EXERCISE — Starting with the line that includes "累計來看,1-8月全球動力電", write out every remaining line of the records below exactly as it appears, leaving out any images.

DATASET EXCERPTS —
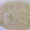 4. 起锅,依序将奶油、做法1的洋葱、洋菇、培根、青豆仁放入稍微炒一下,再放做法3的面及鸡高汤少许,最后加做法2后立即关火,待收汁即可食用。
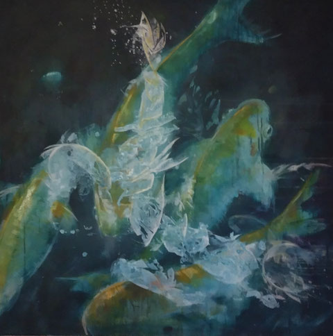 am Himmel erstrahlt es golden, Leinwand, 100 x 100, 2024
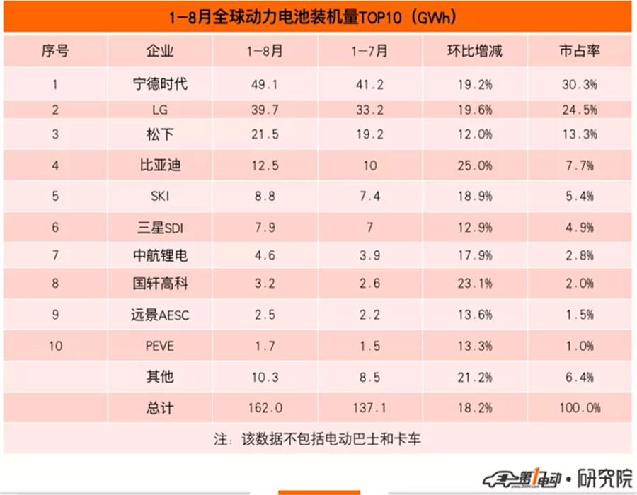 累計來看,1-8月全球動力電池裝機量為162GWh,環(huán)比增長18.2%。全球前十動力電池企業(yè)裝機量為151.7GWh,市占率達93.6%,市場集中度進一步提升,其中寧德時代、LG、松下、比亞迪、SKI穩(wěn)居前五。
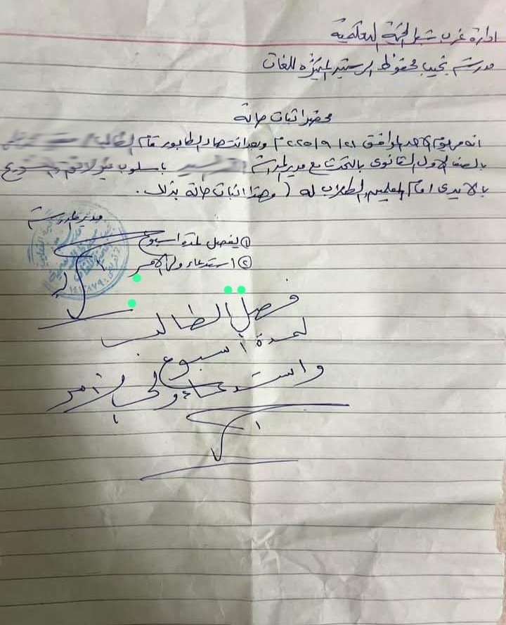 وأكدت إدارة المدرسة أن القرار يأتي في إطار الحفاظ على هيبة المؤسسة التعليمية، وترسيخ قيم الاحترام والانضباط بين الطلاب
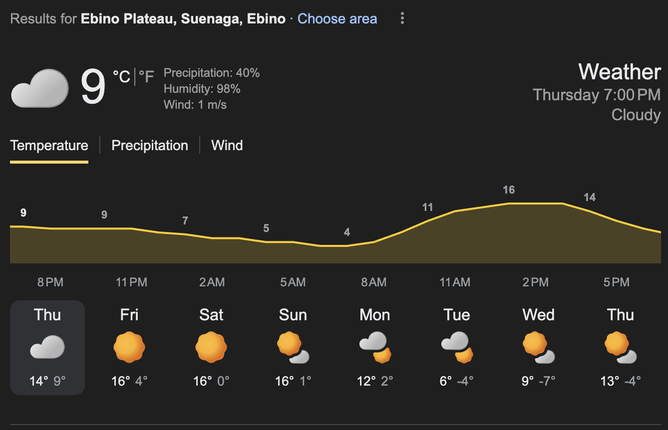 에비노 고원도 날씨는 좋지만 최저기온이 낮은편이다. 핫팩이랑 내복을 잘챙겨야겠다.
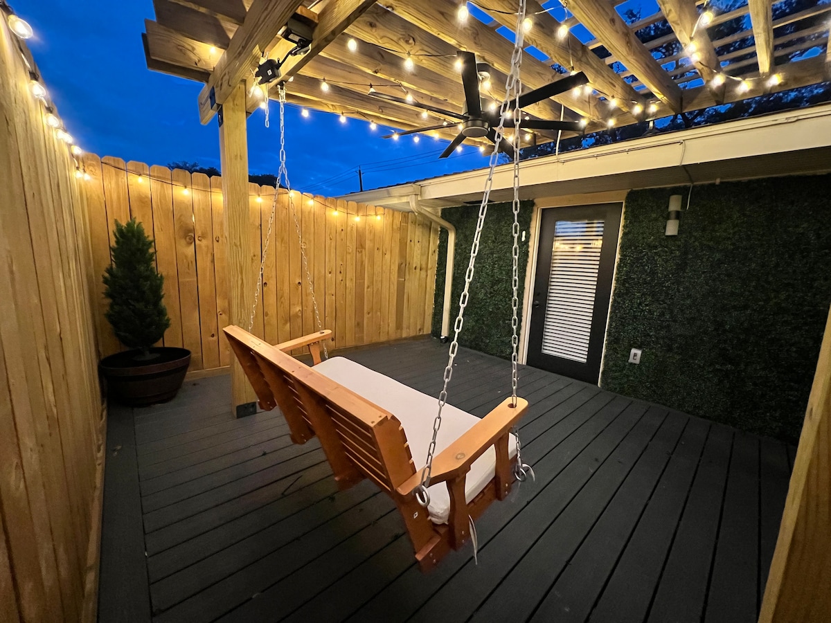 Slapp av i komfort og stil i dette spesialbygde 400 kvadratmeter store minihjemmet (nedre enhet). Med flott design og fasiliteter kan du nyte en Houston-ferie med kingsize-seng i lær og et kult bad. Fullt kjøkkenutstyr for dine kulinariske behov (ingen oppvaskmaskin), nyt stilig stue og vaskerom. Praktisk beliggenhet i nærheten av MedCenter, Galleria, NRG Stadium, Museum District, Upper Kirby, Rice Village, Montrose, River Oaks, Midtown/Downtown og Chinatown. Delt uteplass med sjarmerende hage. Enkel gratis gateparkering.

FINISHED EXERCISE —
 累計來看,1-8月全球動力電池裝機量為162GWh,環(huán)比增長18.2%。全球前十動力電池企業(yè)裝機量為151.7GWh,市占率達93.6%,市場集中度進一步提升,其中寧德時代、LG、松下、比亞迪、SKI穩(wěn)居前五。
 وأكدت إدارة المدرسة أن القرار يأتي في إطار الحفاظ على هيبة المؤسسة التعليمية، وترسيخ قيم الاحترام والانضباط بين الطلاب
 에비노 고원도 날씨는 좋지만 최저기온이 낮은편이다. 핫팩이랑 내복을 잘챙겨야겠다.
 Slapp av i komfort og stil i dette spesialbygde 400 kvadratmeter store minihjemmet (nedre enhet). Med flott design og fasiliteter kan du nyte en Houston-ferie med kingsize-seng i lær og et kult bad. Fullt kjøkkenutstyr for dine kulinariske behov (ingen oppvaskmaskin), nyt stilig stue og vaskerom. Praktisk beliggenhet i nærheten av MedCenter, Galleria, NRG Stadium, Museum District, Upper Kirby, Rice Village, Montrose, River Oaks, Midtown/Downtown og Chinatown. Delt uteplass med sjarmerende hage. Enkel gratis gateparkering.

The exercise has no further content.